** Exercise data follows **

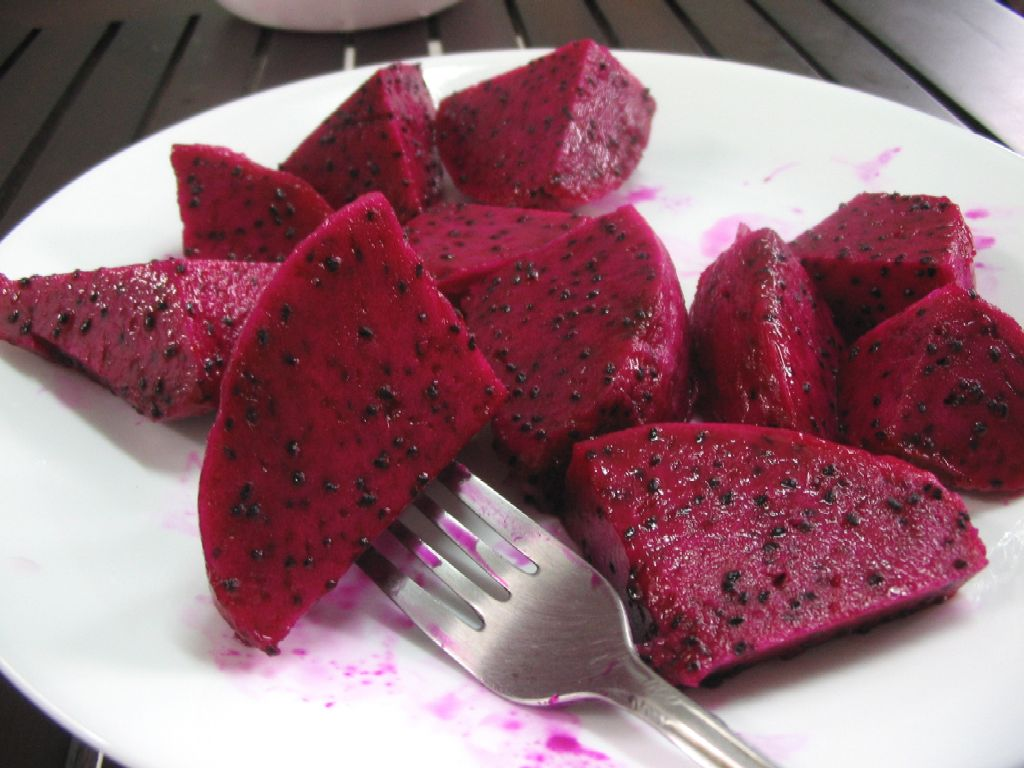 Red fleshed pitaya; picture taken July 18, 2005 by Allen Timothy Chang.
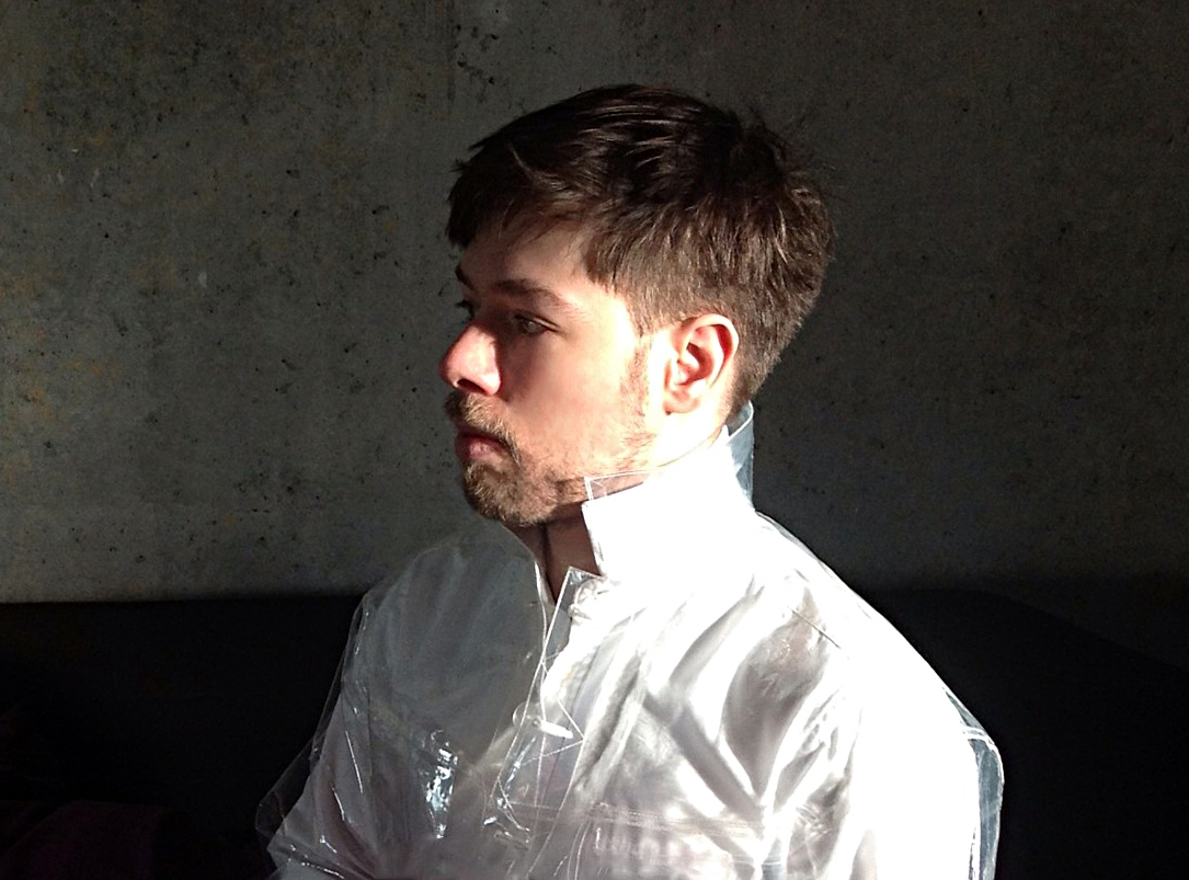 Artist Ivan Civic performing in Berlin
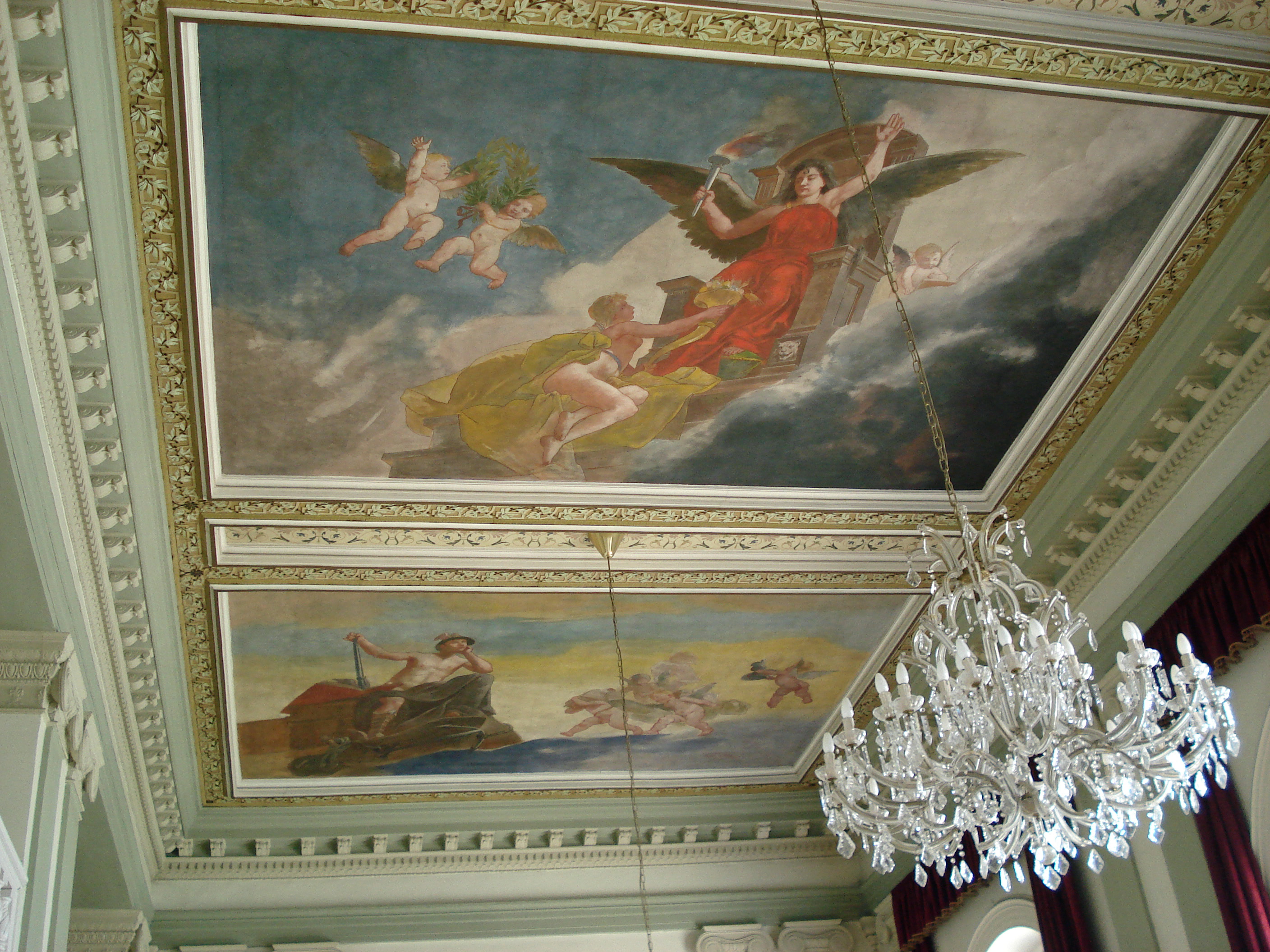 Fresco. Painter: Lázár Nagy. Hungarian Academy of Sciences Regional Committee in Miskolc, Hungary

** End of Exercise data **

Problem description:
The whole listing above is to be printed again exactly; pictures stay out of it.

Result:
 Red fleshed pitaya; picture taken July 18, 2005 by Allen Timothy Chang.
 Artist Ivan Civic performing in Berlin
 Fresco. Painter: Lázár Nagy. Hungarian Academy of Sciences Regional Committee in Miskolc, Hungary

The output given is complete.